Integration. Figure 2 visualizes the geometric priors, and Fig. 4 shows examples of specific priors over all reference image pixels. We integrate the priors into the inference as additional terms in the Monte-Carlo view sampling distribution

$$\begin{aligned} P_l(m) = \frac{q(Z_l^m=1) q(\alpha _l^m) q(\beta _l^m) q(\kappa _l^m)}{\sum _{m=1}^M{q(Z_l^m=1) q(\alpha _l^m) q(\beta _l^m) q(\kappa _l^m)}}, \end{aligned}$$
(7)

where \(q(\alpha _l^m), q(\beta _l^m), q(\kappa _l^m)\) are approximations during the variational inference, in the sense that they minimize the KL-divergence to the real posterior [53]. The distributions need no normalization in the inference because we solely use them as modulators for the sampling distribution \(P_l(m)\). This formulation assumes statistical independence of the individual priors as a simplifying approximation, which makes the optimization feasible using relatively simple models for well-understood geometric relations. Intuitively, non-occluded images with sufficient baseline, similar resolution, and non-oblique viewing direction are favored in the view selection. Section 5 evaluates the priors in detail and shows how they improve the reconstruction robustness especially for unstructured datasets.

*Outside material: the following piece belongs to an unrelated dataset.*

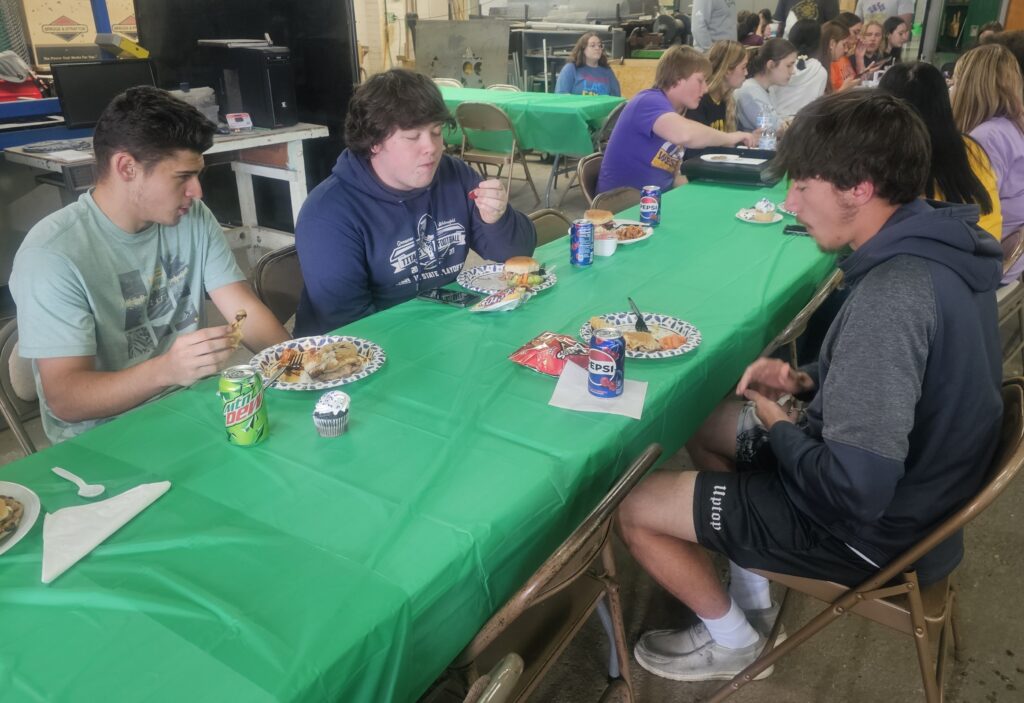 The students enjoyed a lunch of hamburgers, pork chops, salads, vegetables and of course, dessert. During the lunch, the bank representatives passed out gift bags filled with locally-purchased items such as cookies from the Downtown Eatery and Bakery and cupcakes from Karen Simms. In addition, each bag had a gift card from area restaurants.

4.3 View Selection Smoothness

The graphical model associated with the likelihood function in Eq. (2) uses state-transition probabilities to model spatial view selection smoothness for neighboring pixels in the propagation direction. Due to the interleaved inference using alternating propagation directions, \(Z_l^m\) suffers from oscillation, leading to striping effects as shown in Fig. 5. To reduce the oscillation effect of \(Z_{l,t}^m\) in iteration t, we insert an additional “temporal” smoothness factor into the graphical model. In this new model, the state of \(Z_{l,t}^m\) depends not only on the state of its neighboring pixel \(l - 1\) but also on its own state in the previous iteration \(t - 1\). The temporal state-transition is defined as \(P(Z_{l,t}^m|Z_{l,t-1}^m) = \left( {\begin{matrix} \lambda _t &{} 1- \lambda _t \\ 1-\lambda _t&{} \lambda _t \end{matrix}} \right) \), where a larger \(\lambda _t\) enforces greater temporal smoothness during the optimization. In fact, as the optimization progresses from \(t = 1 \ldots T\), the value of the estimated \(Z_{l,t-1}^m\) should stabilize around the optimal solution. Therefore, we adaptively increase the state-transition probability as \(\lambda _t = \frac{t}{2T} + 0.5\), i.e.,, the inferred \(Z_{l,t}^m\) in iterations \(t = 1\) and \(t = T - 1\) have maximal and minimal influence on the final value \(Z_{l,T}^m\), respectively. The two state-transitions are jointly modeled as

$$\begin{aligned} P(Z_{l,t}^m|Z_{l-1, t}^m, Z_{l,t-1}^m) = P(Z_{l,t}^m|Z_{l-1,t}^m) P(Z_{l,t}^m|Z_{l,t-1}^m). \end{aligned}$$
(8)

Figure 5 shows the evolution of \(Z_{l,t}^m\) during the optimization and demonstrates the reduced oscillation, which effectively also leads to less noisy view sampling.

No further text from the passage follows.